Figure 3A displays the emission spectrum of anastrozole in the absence and presence of varying concentrations of ct DNA. As it can be perceived from Figure 3A, the maximum emission wavelength of anastrozole was measured to 240 nm as the excitation wavelength was at 271 nm. Upon the addition of ct DNA concentration to the fixed concentration of anastrozole, the intensity of anastrozole emission seemed to decrease regularly and one could observe the red shift of emission wavelength (420–430 nm). Moreover, two isosbestic points were present in the emission curves at 380 and 460 nm, indicating that an equilibrium state exists between ct DNA and anastrozole. It was suggested by the outcomes that an interaction has occurred between the ct DNA and anastrozole.

FIG. 3.

(A) The fluorescence spectra of anastrozole-ct DNA and (B) anastrozole-[ct DNA-H1] conditions: T = 298 K, pH = 6.8, λ_ex = 271 nm. The concentration of anastrozole was 0.01 mM and that of ct DNA and [ct DNA-H1] was increased from 0 to 1 × 10⁻⁵ mM.

In Figure 3B, we can observe the effect of DNA-H₁ solution on anastrozole that has caused a quenching, which indicates the binding of anastrozole along with conformational changes in the ct DNA-H1 complex.

Quenching can occur through different mechanisms, which are usually classified as dynamic and static quenching. Fluorescence quenching is commonly described by the Stern-Volmer equation: $F_{0} ∕ F = 1 + K_{s v} [Q] = 1 + k q t_{0} [Q]$ (3)

where F₀ and F represent the fluorescence intensities in the absence and presence of the quencher, respectively.

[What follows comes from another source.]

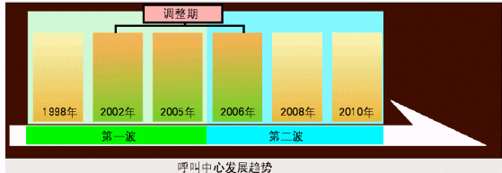 在合力金橋軟件公司的副總裁盧毅看來,1998年以前是呼叫中心在中國(guó)市場(chǎng)的導(dǎo)入期,1998~2005年第一波呼叫中心的建設(shè)期,直接促成了整個(gè)市場(chǎng)的擴(kuò)大和呼叫中心座席數(shù)的大幅增加;在2006年~2010年,由于受到中國(guó)加入WTO、2008年北京舉辦奧運(yùn)會(huì)、2010年上海舉辦世界博覽會(huì)等社會(huì)政治、經(jīng)濟(jì)事件的推動(dòng),將會(huì)出現(xiàn)第二波的呼叫中心建設(shè)風(fēng)潮;而從2002年~2006年中期是個(gè)調(diào)整期,第一波的呼叫中心建設(shè)此時(shí)進(jìn)入運(yùn)營(yíng)期和消化期,同時(shí)為第二波的建設(shè)應(yīng)用積蓄力量。

The kq stands as the fluorophore quenching rate constant, K_sv would be the quenching constant, τ₀ is the lifetime of the fluorophore in the absence of quencher (τ₀ = 10⁻⁸), and [Q] would be the concentration of quencher (Krafcikova et al., 2019).

Dynamic and static quenching can be distinguished by their different dependencies on various temperatures (Chi and Liu, 2011). Regarding the dynamic quenching, the maximum scattering collisional quenching constant of various quenchers is 2 × 10¹⁰ L·mol⁻¹·s⁻¹.^.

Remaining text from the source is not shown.